Many of the commercial potting soils do not contain actual soil. Soil-less mixes often are considered superior because they are weed- and disease-free as well as being lighter and better draining. Several different mediums are combined to create the potting soils. Perlite is one of these mediums. Perlite is a volcanic glass that expands when heated and resembles small pieces of packing foam. It aids drainage in soil-less and soil-potting mixes. Creating your own perlite potting soil is less expensive than many of the purchased mixes on the market.
Things You'll Need
Sterilize the compost or garden loam to kill any weed seeds or disease organisms before making the perlite mix. Moisten the compost and spread it out in a disposable roasting pan. Bake at 250 degrees F for 30 minutes.
Mix 1 part compost with 1 part perlite and 1 part peat moss.
Mix 2 tbsp. of a balanced fertilizer, such as 20-20-20 analysis, with each bushel of perlite mix to add the rest of the nutrients necessary to plant growth. The mix will require additional fertilization with soluble fertilizer starting 10 weeks after planting.

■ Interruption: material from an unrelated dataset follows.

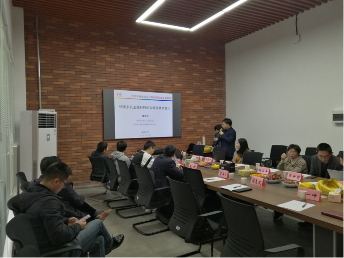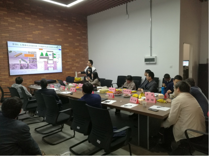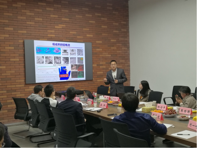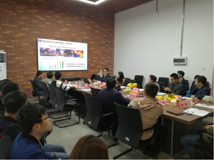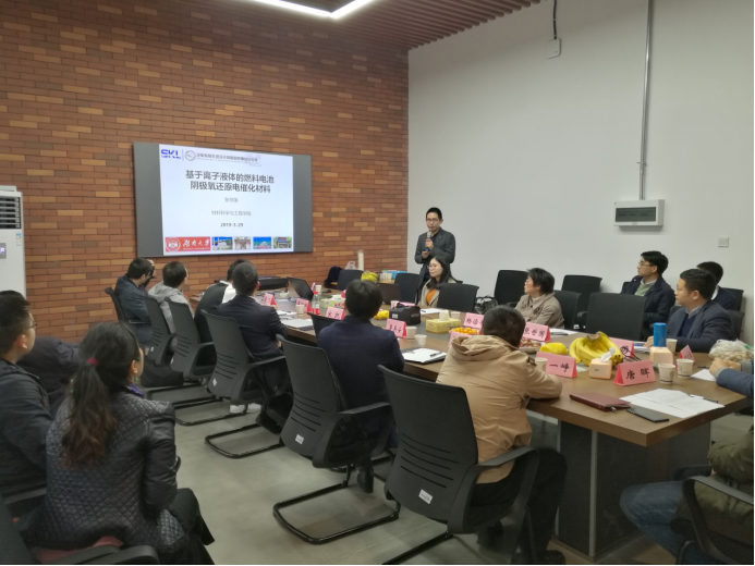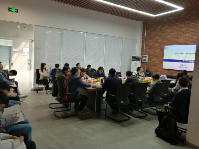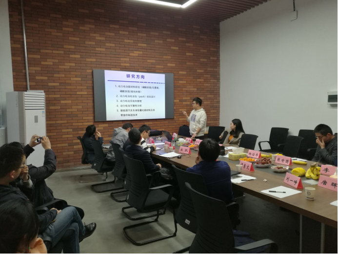 宋凯副教授首先代表成艾国教授团队介绍新能源汽车发展对电池研究的需求,新加入实验室的张世国教授(青年千人,来自材料学院)介绍了基于离子液体的燃料电池阴极氧化还原电催化材料,谭永文教授(青年千人,来自材料学院)介绍了纳米多孔金属材料的构筑及其功能,李勇教授(青年千人,来自电气学院)介绍了从复杂网络与电能质量视角评估电动汽车充电对电网/交通网的影响,鲁兵安教授(物理院、来自物理学院)介绍了新型石墨材料的研发及其储铝性能,张冠华副教授介绍了电池功能结构设计及制造,雷飞副教授介绍了电池散热系统的需求,杨小龙副教授介绍了电池热管理系统及BMS,闫航航同学代表崔向阳教授团队介绍了多尺度手段在新型储能体系探索中的应用,张良同学代表何莉萍教授团队介绍了新能源汽车动力电池新材料及动力电池系统的设计与研发,杨沿平教授介绍全生命周期评价对新能源汽车发展的要求。会议期间,杨沿平教授提醒新能源汽车方向的研究学者,在科研的同时务必考虑社会效益问题,研究出的成果不能以牺牲环境、浪费社会资源为代价。用一句话来说就是要求学者 “不要因为走得太远,而忘记为什么要出发”。张军副教授介绍了他们团队在电池封装及电池散热方面的工作及思考。本次讨论会由重点实验室副主任邓久华策划组织并主持。科研院基金办唐晖主任,科研院刘一峥老师受邀参加了讨论会,唐晖主任希望大家能通过交叉交流,促进联合,共同组织申报大的项目。土木学院博士研究生王帅代表陈政清院士团队参加会议,10余新能源汽车方向的硕/博士研究生参与本次讨论会。

Compost adds nutrients to the mix, perlite aids drainage and peat moss helps retain the proper moisture level in the mix. Perlite is sold by the bag at nurseries and garden centers. Sand can be substituted for perlite if absolutely necessary, though it does not provide drainage as well and is more likely to compact in the pot.
Do not heat perlite in the oven to sterilize it. Perlite has already been heated by the manufacturer. Further heating can cause the perlite to produce noxious gases. Store unused perlite and perlite potting soil in a sealed bag or plastic tub so that it remains sterile until you are ready to use it.